The therapy, called FILSPARI, works by blocking the endothelin-1 and angiotensin II receptors, two critical pathways in the progression of IgAN. It is intended for patients who are at risk of rapid disease progression that will likely result in end-stage renal disease. The accelerated approval for the drug was granted on the basis that it is shown to reduce proteinuria, which in turn reduces the risk of kidney failure. Travere has recently submitted a supplemental new drug application to the FDA seeking full approval of FILSPARI.

The San Diego biotech company also has three clinical candidates in its pipeline targeting rare kidney and metabolic diseases. The most recent update from its pipeline came in December 2023, when the company announced it had initiated a phase 3 trial of its candidate for classical homocystinuria (HCU), a rare genetic metabolic disorder caused by a deficiency in the enzyme cystathionine beta synthase (CBS).

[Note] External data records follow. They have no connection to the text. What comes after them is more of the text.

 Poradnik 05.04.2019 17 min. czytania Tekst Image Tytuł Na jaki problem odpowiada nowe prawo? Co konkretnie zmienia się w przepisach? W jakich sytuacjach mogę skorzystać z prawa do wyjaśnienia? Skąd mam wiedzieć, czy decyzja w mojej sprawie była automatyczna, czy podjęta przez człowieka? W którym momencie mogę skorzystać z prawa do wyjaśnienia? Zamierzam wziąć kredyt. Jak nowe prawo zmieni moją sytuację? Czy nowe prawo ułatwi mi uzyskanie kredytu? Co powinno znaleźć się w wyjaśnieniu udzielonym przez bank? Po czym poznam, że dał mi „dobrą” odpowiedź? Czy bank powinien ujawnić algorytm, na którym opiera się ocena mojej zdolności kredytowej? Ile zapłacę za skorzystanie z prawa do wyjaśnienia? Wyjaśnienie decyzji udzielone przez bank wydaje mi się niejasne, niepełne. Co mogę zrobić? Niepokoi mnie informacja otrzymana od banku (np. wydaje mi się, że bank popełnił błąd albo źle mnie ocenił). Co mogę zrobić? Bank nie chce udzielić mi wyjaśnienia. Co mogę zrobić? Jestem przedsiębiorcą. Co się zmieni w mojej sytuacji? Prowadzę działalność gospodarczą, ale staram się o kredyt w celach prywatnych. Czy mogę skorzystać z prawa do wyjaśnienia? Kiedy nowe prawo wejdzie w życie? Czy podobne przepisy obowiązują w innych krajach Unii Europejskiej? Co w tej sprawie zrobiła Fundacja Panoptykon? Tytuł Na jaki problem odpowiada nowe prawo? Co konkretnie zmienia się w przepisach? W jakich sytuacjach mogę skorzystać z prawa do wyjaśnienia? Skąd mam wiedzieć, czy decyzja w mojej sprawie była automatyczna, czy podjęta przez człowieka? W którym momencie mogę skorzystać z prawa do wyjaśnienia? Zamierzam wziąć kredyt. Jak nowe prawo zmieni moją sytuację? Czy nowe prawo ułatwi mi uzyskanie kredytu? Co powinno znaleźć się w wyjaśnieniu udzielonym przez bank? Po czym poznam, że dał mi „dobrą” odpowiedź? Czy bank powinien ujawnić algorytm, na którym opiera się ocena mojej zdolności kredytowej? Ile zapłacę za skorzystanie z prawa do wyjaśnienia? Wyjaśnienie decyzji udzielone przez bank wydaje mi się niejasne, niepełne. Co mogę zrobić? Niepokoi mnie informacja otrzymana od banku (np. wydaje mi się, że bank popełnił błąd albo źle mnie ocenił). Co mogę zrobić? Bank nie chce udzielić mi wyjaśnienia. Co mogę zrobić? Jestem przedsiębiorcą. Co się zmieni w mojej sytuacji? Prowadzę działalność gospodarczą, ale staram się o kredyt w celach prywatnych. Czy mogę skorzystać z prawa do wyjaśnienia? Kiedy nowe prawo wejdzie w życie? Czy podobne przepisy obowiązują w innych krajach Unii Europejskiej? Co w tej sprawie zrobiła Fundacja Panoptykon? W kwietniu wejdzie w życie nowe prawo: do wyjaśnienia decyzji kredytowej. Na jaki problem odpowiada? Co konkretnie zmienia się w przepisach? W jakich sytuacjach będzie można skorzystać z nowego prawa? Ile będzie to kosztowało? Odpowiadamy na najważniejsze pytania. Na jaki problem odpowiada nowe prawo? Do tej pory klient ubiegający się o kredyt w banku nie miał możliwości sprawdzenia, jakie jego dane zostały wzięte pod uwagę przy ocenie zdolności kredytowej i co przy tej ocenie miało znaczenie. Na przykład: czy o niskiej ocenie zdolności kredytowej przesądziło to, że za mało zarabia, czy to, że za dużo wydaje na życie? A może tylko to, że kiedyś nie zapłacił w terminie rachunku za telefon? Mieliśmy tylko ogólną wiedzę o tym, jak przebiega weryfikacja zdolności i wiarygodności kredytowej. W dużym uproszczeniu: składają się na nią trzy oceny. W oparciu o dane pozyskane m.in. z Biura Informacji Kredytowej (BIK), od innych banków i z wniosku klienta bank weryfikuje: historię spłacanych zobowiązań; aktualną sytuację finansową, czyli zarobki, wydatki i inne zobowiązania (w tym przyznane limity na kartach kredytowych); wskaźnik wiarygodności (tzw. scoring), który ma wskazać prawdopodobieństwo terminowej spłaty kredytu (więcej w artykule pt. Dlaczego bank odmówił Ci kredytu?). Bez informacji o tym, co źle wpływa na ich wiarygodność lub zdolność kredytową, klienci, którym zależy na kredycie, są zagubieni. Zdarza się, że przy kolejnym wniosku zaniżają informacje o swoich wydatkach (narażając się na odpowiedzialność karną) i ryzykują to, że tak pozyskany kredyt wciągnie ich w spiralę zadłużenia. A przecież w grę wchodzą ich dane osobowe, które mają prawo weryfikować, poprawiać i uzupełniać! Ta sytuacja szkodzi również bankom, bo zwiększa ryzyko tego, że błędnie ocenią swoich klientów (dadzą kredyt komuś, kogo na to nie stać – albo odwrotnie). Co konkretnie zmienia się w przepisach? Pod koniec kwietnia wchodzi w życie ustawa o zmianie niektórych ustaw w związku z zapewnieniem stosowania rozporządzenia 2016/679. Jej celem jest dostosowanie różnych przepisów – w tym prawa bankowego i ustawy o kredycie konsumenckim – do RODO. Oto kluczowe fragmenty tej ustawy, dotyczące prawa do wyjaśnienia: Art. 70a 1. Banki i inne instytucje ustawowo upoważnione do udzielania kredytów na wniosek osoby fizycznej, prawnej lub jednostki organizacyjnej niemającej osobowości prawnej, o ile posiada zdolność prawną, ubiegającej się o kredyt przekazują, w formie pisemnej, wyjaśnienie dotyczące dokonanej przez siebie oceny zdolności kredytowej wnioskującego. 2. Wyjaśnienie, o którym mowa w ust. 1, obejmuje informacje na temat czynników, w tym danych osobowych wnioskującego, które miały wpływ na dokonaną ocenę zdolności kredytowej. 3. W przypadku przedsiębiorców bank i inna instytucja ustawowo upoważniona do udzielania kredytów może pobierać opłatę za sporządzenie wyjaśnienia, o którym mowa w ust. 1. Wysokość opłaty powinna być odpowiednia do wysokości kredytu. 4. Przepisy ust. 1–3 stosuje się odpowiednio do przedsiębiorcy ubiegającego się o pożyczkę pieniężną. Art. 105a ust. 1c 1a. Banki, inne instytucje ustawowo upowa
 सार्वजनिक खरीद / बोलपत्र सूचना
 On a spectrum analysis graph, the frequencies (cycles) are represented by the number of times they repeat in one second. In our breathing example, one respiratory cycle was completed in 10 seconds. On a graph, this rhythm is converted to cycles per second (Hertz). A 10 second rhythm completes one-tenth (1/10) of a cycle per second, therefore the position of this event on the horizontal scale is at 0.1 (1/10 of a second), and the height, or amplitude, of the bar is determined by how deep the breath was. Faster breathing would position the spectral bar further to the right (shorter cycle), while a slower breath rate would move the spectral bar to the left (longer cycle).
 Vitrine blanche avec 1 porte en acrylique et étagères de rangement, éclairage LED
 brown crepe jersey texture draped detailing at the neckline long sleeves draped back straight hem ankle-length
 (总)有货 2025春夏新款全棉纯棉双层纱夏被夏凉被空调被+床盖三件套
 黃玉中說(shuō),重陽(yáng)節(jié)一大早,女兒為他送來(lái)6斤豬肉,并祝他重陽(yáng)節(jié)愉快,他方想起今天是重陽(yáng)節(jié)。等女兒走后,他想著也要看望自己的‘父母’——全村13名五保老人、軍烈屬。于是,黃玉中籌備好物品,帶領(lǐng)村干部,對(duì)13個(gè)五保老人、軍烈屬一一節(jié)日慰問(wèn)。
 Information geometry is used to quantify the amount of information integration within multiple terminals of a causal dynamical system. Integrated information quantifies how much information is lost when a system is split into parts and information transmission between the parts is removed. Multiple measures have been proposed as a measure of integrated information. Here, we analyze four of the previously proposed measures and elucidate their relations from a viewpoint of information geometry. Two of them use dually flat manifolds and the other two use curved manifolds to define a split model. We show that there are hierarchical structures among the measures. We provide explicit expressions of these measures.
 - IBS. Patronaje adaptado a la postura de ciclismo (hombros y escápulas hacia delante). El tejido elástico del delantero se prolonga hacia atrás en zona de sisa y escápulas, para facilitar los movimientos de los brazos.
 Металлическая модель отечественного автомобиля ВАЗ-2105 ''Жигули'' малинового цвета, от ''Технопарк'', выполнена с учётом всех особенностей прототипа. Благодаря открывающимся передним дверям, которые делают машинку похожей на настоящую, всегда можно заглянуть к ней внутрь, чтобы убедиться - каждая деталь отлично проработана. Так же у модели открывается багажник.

San Diego life sciences industry: a strong economic impact

According to the 2023 Life Science Economic Impact Report from Biocom California, life sciences employment grew by 8% overall in the San Diego cluster in 2022. Its life science workforce consists of more than 77,000 direct employees and continues to be a driving force in the local economy. Life sciences jobs in San Diego County paid an average of $144,000 yearly and represented a regional economic impact of $57.4 billion. These statistics show that the region continues to solidify its position as one of the country’s most important life science research destinations.